Reduce, Don't Recycle
Table of Contents
Recycling has become a bit of a crutch these days. It’s a way for people to feel good about what they’re doing (“saving the planet”) without changing their behaviour. It gives people a free pass on generating waste; it allows them to save face.
Recycling is one of those things that sounds good on the surface, but ends up having unintended consequences which may in fact be worse than the alternative.
Recycling has a lot of issues:
- in some cases the actual process of recycling can use more energy than it saves (although this is often disputed), especially in cases where recycled material is being shipped around the world so that it can be dumped on someone else
- often the material sent for recycling is never recycled at all
- costs have—in some cases—become unsustainable and numerous US cities have ended or scaled down recycling programs
- some believe that recycling is coming to an end altogether, which suggests we need to find a better way to manage waste
However, recycling does have some benefits. According to the EPA:
In 2017, the recycling, composting, combustion with energy recovery and landfilling of MSW saved over 184 million metric tons of carbon dioxide equivalent (MMTCO2E). This is comparable to the emissions that could be reduced from taking over 39 million cars off the road in a year.
Re-thinking waste #
The main issue with recycling is (and always has been) that it doesn’t get at the root of the cause: waste generation. Recycling may have it’s benefits, but it does nothing to discourage people from generating waste in the first place.

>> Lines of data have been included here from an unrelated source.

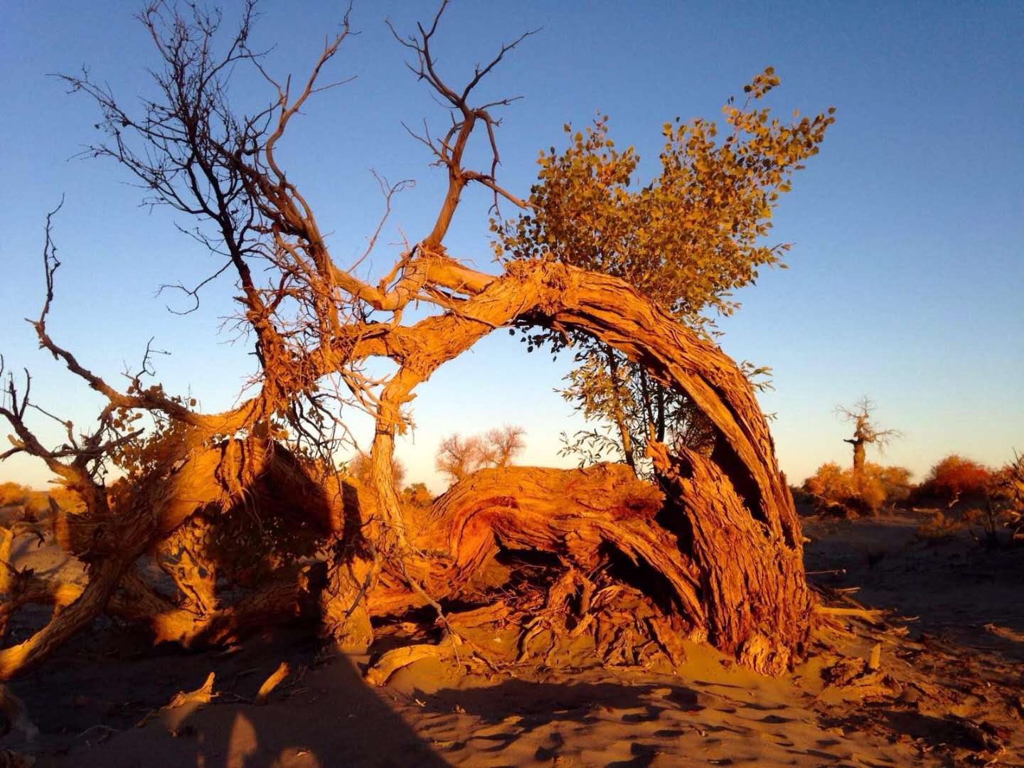 漫步在濃郁的胡楊林中,仿佛進入神話般的仙境。茂密的胡楊千奇百怪,神態萬般,或挺拔、或似蒼龍騰越,令人驚喜不已,嘆為觀止。每到深秋,樹葉金黃,矗立在沙海中的胡楊更顯嬌美動人,風光無限。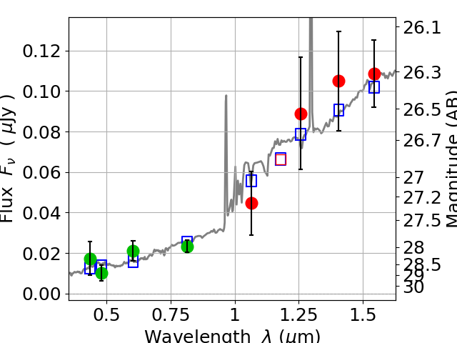 Best viewed in a wide browser window (1200 pixels or more). Download SED & P(z) plots to view larger versions.
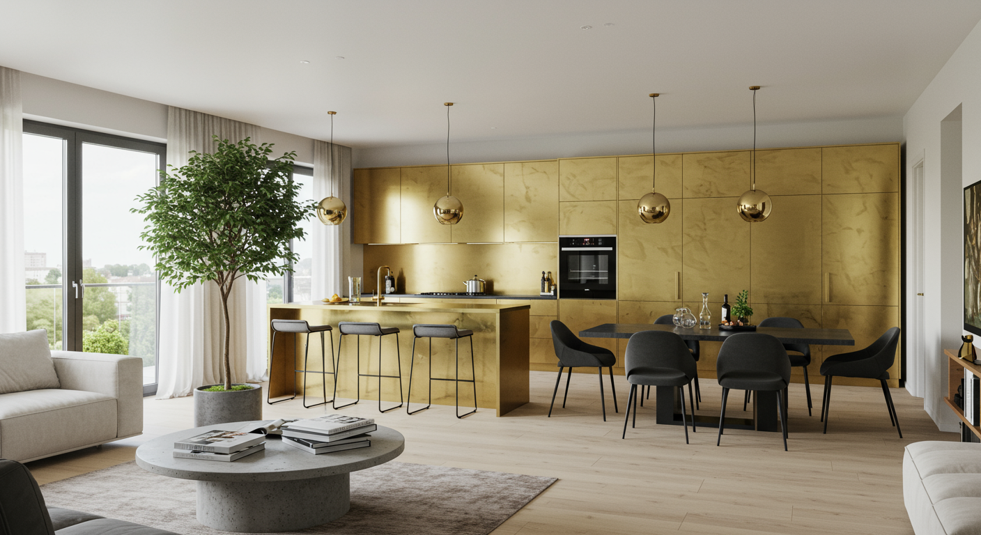 The kitchen cabinets are built with brass, giving a luxurious yet warm look. It is an open plan for the living/dining room space, and there are four terraces that include a lush set of foliage for each terrace. In addition, there are two more terraces, one of which consists of a spa located directly off the main bedroom and on the upper floor.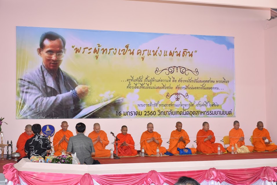 วันที่ 16 มกราคม 2560 วิทยาลัยเทคนิคอุตสาหกรรมยานยนต์ จัดกิจกรรมทำบุญตักบาตรเนื่องในวันครู ซึ่งมีข้าราชการครูและบุคลากรทางการศึกษา พร้อมด้วยนักเรียน เข้าร่วมพิธี
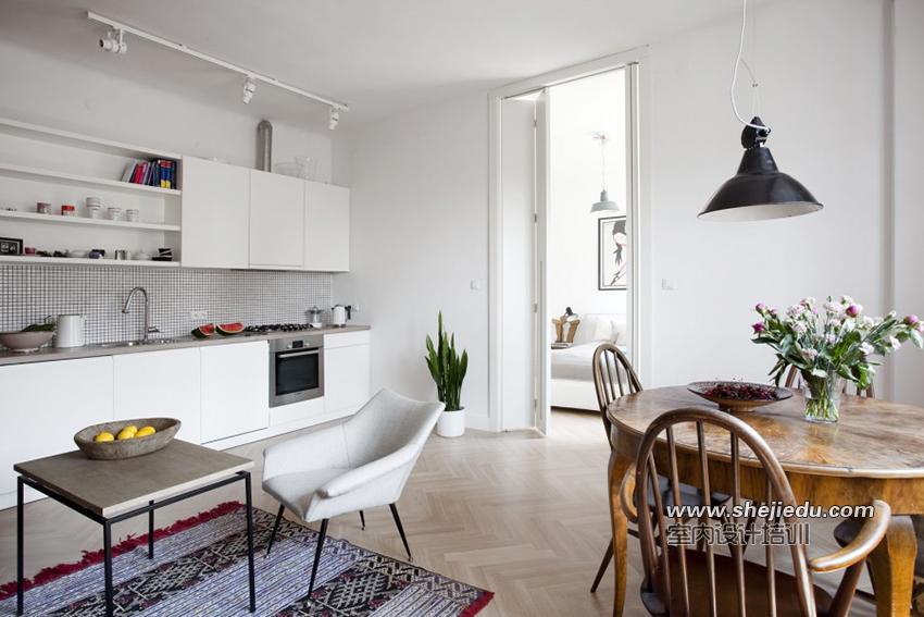 02、空间不大但是设计师经过些许变动让这个空间更加的合理,空间的利用度更高,这里厨房和客厅、餐厅共用一个空间,开放式的厨房选用白色的整体橱柜,在吊柜旁边又打造一些开放式的收纳架,这样收纳装饰两不误;实木地板和造型古典的餐桌椅具有强烈的北欧风。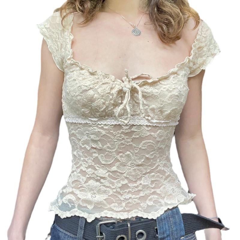 法式甜美风褶皱花边方领泡泡袖T恤绑带胸型收腰透视蕾丝上衣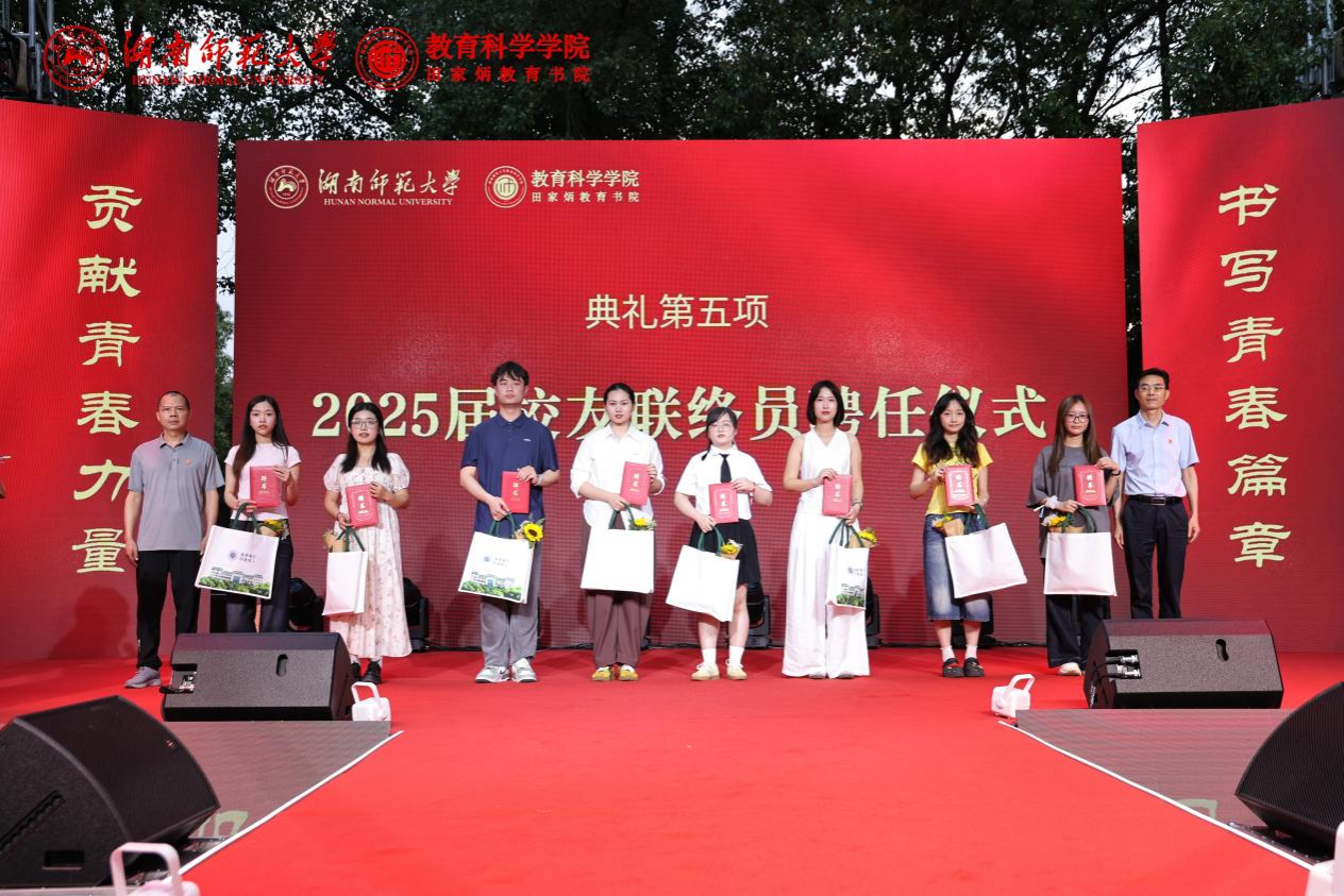 校友联络员聘任仪式上,赵亮宣读学院2025届校友联络员名单,容中逵为联络员代表颁发聘书。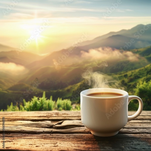 Tranquil scene white coffee mug on wooden table with steam, green landscape blur

The biggest driver of waste is consumerism and throwaway culture. It’s difficult to repair consumer products, they aren’t build to last, and we’re constantly being bombarded with ads telling us to buy more and use our brains less.
Reduce #
The best thing people can do is focus on reducing consumption, which is at the top of the reduce -> reuse -> recycle funnel. Consumption reduction also has a number of knock-on benefits, such as making you a wealthier person and limiting the number of problems you have to deal with in life. Strategies to reduce consumption include:
- purchasing higher quality goods which are meant to last, rather than be replaced
- avoiding trendy items (like fashionable clothing), which make up a significant proportion of waste—I, for one, pretty much wear the same clothes every day and nobody has ever had an issue with it
- living in smaller homes to discourage filling them with junk and furniture that you don’t need
- living in smaller homes to reduce the amount of material needed and wasted for the home itself (also, there’s reduced heating, cooling, and lighting costs)
- living in cities that offer lots of transport options such that you don’t need to purchase automobiles (which are a massive source of waste: even though about 10 million cars are recycled per year, more cars are being sold which means there’s a lot of waste)
- living as close as possible to your workplace to reduce wear and tear on disposable items
Plus, if you think you feel smug about how good you are at recycling, you’ll be excited to know how absolutely amazing you’ll feel when you go around telling everyone about how little waste you’re generating.